Гулам-реза и Абдулали сели на коней, не спеша поехали в центр села, по склону горы, на которой лепились мазанки курдов, огороженные каменными заборами. Ехали молча. Наконец Абдулали сказал:
— Ладно, живы будем — аллах не даст умереть. Вечером сегодня решим, как дальше жить. А пока, Гулам, скажи-ка, почему же этот британец так спешил в твои объятия?
— Ай, Абдулали, ну и недогадливый! Ты думаешь, чей подо мной конь? — И тут же ответил. — Этого коня привел ко мне и обменял на двух жеребят один боджнурдский парень. Я тогда спросил у него: «А откуда ты взял такого красавца? Белый, да еще и весь в черных яблоках». Парень отвечает мне: «Дорогой Гулам-реза, этот конь принадлежал одному англичанину, имя которого Кагель. Он приехал в гости к Моаззезу, и скоро, наверное, уедет. — Вы, — говорит, — подождите пока, не садитесь на коня. А потом, когда британца не будет, сядете…» Я посмеялся над парнем, говорю ему: «Неужели я похож на труса? Да на этом коне я самих англичан лупить буду!» Теперь понял, дорогой Абдулали?
— Понять-то понял, но причем тут конь?
— Я же говорю, что ты самый недогадливый человек, каких я знал при своей жизни на свете! Вот слушай дальше. Когда мы перехватили телеграмму и я увидел, что она адресована Моаззезу и Кагелю, я сразу догадался — этот Кагель — хозяин моей лошади. Тогда я посмотрел от кого телеграмма. Оказывается — от Джексона. Теперь-то, надеюсь, понял?

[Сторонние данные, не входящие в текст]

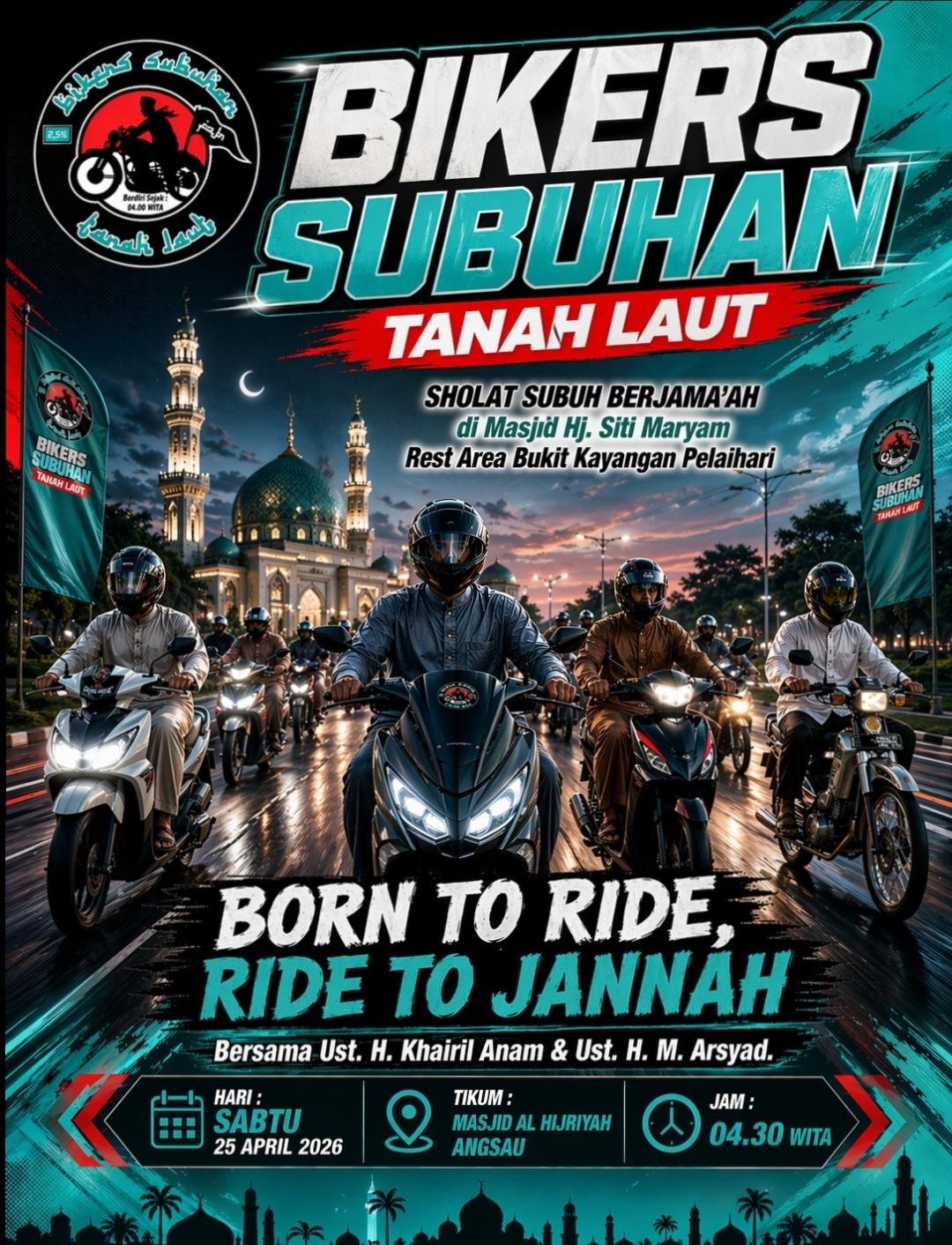 Acara ini juga akan diisi dengan tausiah agama yang menghadirkan Ustaz H. Khairil Anam dan Ustaz H. M. Arsyad. Mengusung semangat “Born to Ride, Ride to Jannah”, kegiatan ini diharapkan menjadi sarana dakwah sekaligus memperkuat nilai kebersamaan di kalangan komunitas motor.

— Нет, не понял, дорогой Гулам-реза, — смутился совсем Абдулали. — Ничего не понял. Скажи, наконец, — что тебя связывает с этим бритацем?
— Не меня, — сказал Гулам-реза. — Кагель связан с этим британцем. Я подумал, что они друзья, а значит хорошо знают и лошадей друг друга! Я решил: дай-ка выеду навстречу. Как увидит Джексон, что разбойник на лошади его дружка Кагеля, так и в обморок упадет, подумает, что убили «разбойники» Кагеля. Пока туда-сюда, тут мы их и хряпнем!.. Так я думал. А этот английский офицер, оказывается, хромает на оба глаза. Он коня узнал и самого меня принял за Кагеля, вот и поскакал в мои объятия. А когда увидел, что ошибся, то схватился за кобуру. Ну, тут уж, прости аллах, не умирать же мне!.. Я случайно пристрелил британца.
— Э-хе! Ты, Гулам-реза, тоже такой же хитрый, как Ходоу, — засмеялся Абдулали.
— Я еще хитрее, — шутя похвастался Гулам-реза, — Отец всегда считал меня самым хитрым курдом на свете.
Друзья подъехали к своим. Повстанцы сидели у костра, варили в котелках похлебку. Гулам-реза и Абдулали присели рядом.
После боя в ущелье под Чинараном я еще раз побывал в Миянабаде с почтальонской сумкой за плечами. Город был совершенно пуст: магазины закрыты, лавки тоже. По улицам из конца в конец разъезжали всадники Монтасера. Он опять занял свое место в арке. Я сдал почту, получил взамен письма и пошел к Ахмеду. Он встретил меня обрадованно.
— Ох, Гусо, как я боялся, что тебя арестуют. Сейчас они всех подряд хватают, кто имел связь с Ходоу-сердаром. Постарайся не попадаться им на глаза.
— Неужели всех? — испугался я. — Неужели больше не будет армии Ходоу? Неужели опять будут издеваться над нами стервятники боджнурдских ханов?
— Не падай духом, друг, — строго сказал Ахмед. — Это все временно. Настанет день, когда Ареф опять позовет нас. А сейчас надо прятаться и выжидать, чтобы собраться с силами и снова вступить в бой.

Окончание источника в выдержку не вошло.